Responsible Innovation
AI multimodal generation and editing tools can help lower barriers to entry and transform education through personalized audio-visual content. Beyond direct applications, its impact extends to advanced research.
By producing high-quality synthetic data, video generation can help accelerate innovation in robotics, computer vision, and generative 3D technologies.
Such advanced multimodal creation capabilities require a proactive approach to safety.
We focused on two main content safety areas:
(i) Intentional adversarial misuse of the model; and,
(ii) Unintentional model failure modes through benign use.

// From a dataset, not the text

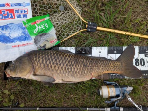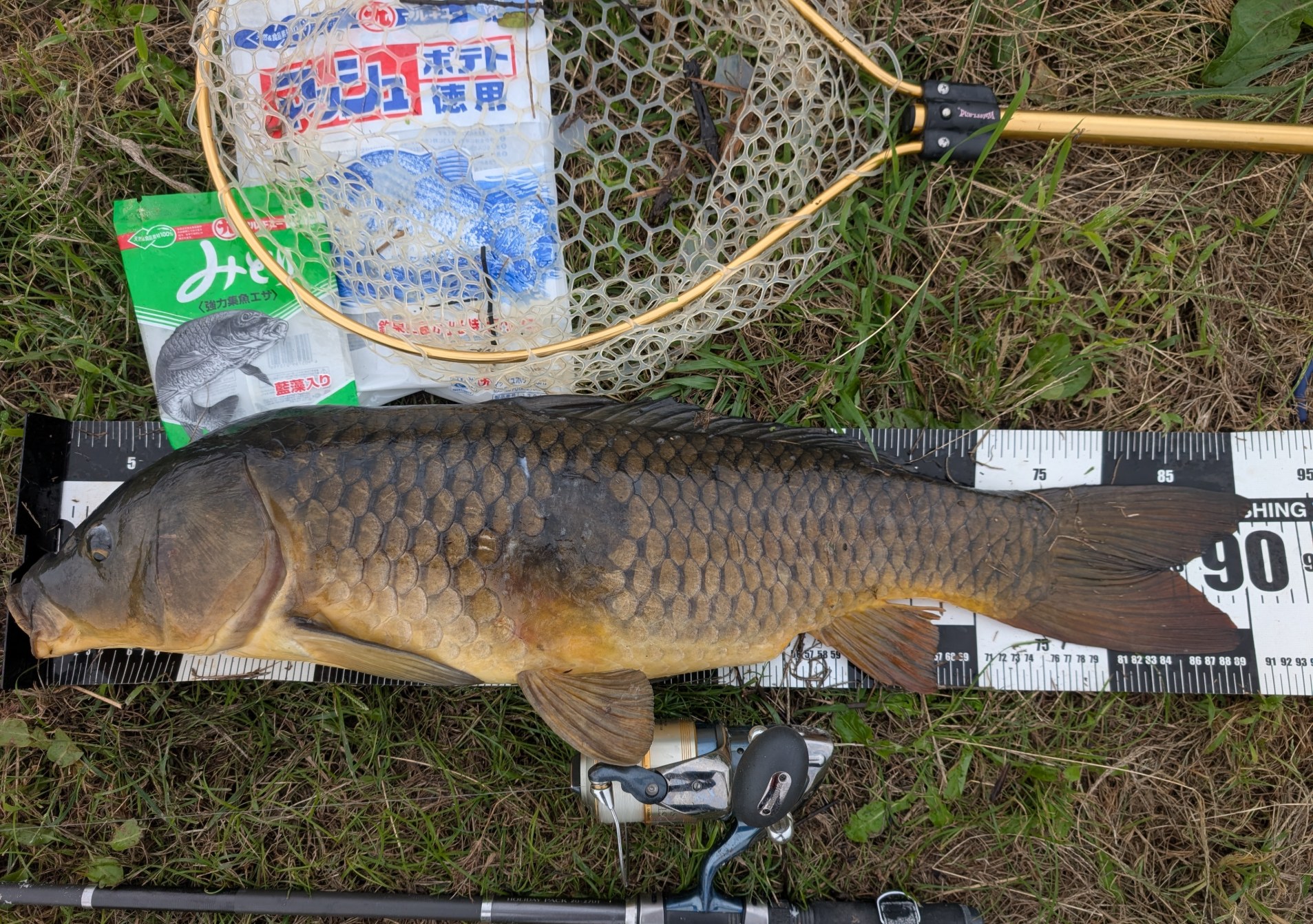 8.当日のご感想: 2匹ともウキの反応は小魚のように小さかったですが、あわせるとズドンと根掛かりのような重さと一気に走り、強い引きで楽しめました! 鯉釣り最高です!
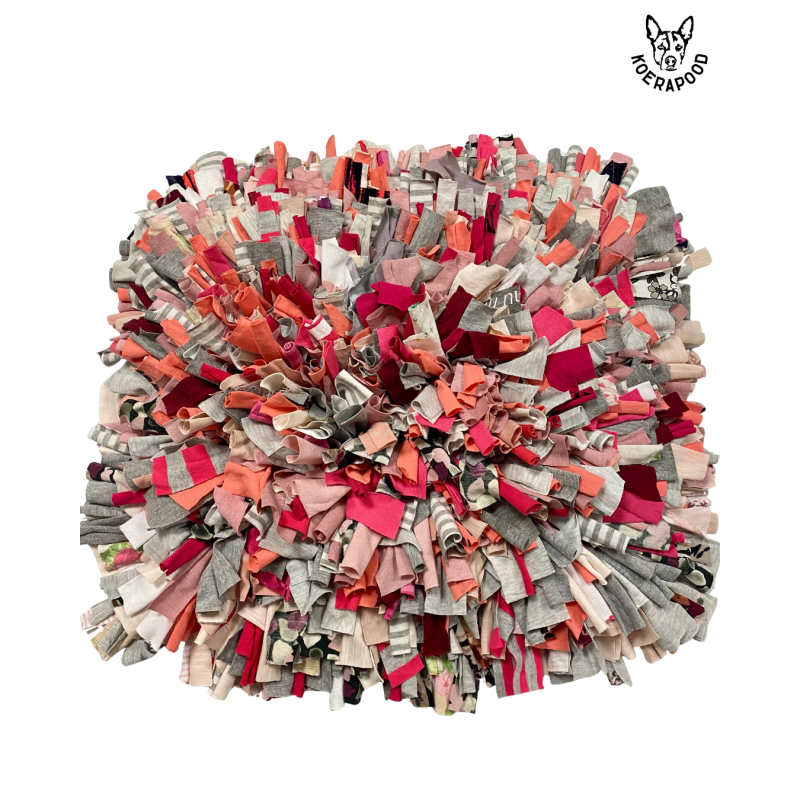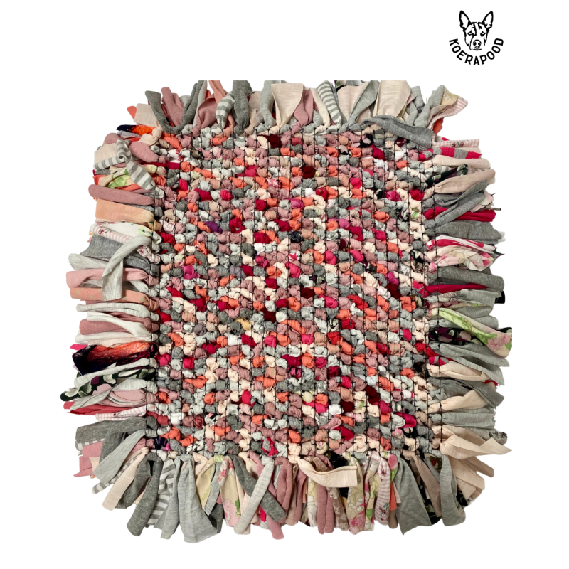 Nuuskimismati suurus ca 50x50cm ja valmistatud taaskasutatud puuvillastest riideribadest, mis on punutud tihedalt plastikust võrgule.

Similar to our safety approach to our other Gemini models, we built safety at the core of Gemini Flash Omni:
- Pre-training mitigations: We used diverse synthetic captioning to improve the model’s ability to accurately represent a wide variety of concepts
- Post-training mitigations: To maintain high information integrity and prevent unwanted outputs, we deployed advanced production filters and used SynthID, our digital watermarking tool to clearly verify AI-generated content
As part of editing videos, Gemini Omni Flash is capable of changing people's speech. For now, we are restricting this capability and working to better understand how to safely and responsibly bring it to our users.